We propose VMIS-kNN, an adaptation of a state-of-the-art nearest neighbor approach to session-based recommendation, which leverages a prebuilt index to compute next-item recommendations with low latency in scenarios with hundreds of millions of clicks to search through. Based on this approach, we design and implement the scalable session-based recommender system Serenade, which is in production usage at bol.com, a large European e-commerce platform.

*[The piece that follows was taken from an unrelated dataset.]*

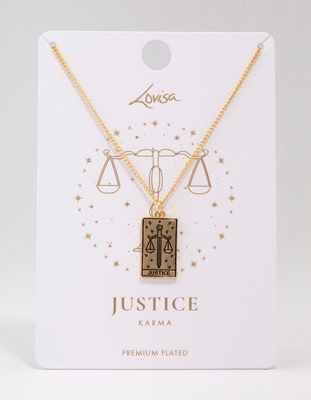 Gold Plated Justice Tarot Card Pendant Necklace

We evaluate the predictive performance of VMIS-kNN, and show that Serenade can answer a thousand recommendation requests per second with a 90th percentile latency of less than seven milliseconds in scenarios with millions of items to recommend. Furthermore, we present results from a three week long online A/B test with up to 600 requests per second for 6.5 million distinct items on more than 45 million user sessions from our e-commerce platform. To the best of our knowledge, we provide the first empirical evidence that the superior predictive performance of nearest neighbor approaches to session-based recommendation in offline evaluations translates to superior performance in a real world e-commerce setting.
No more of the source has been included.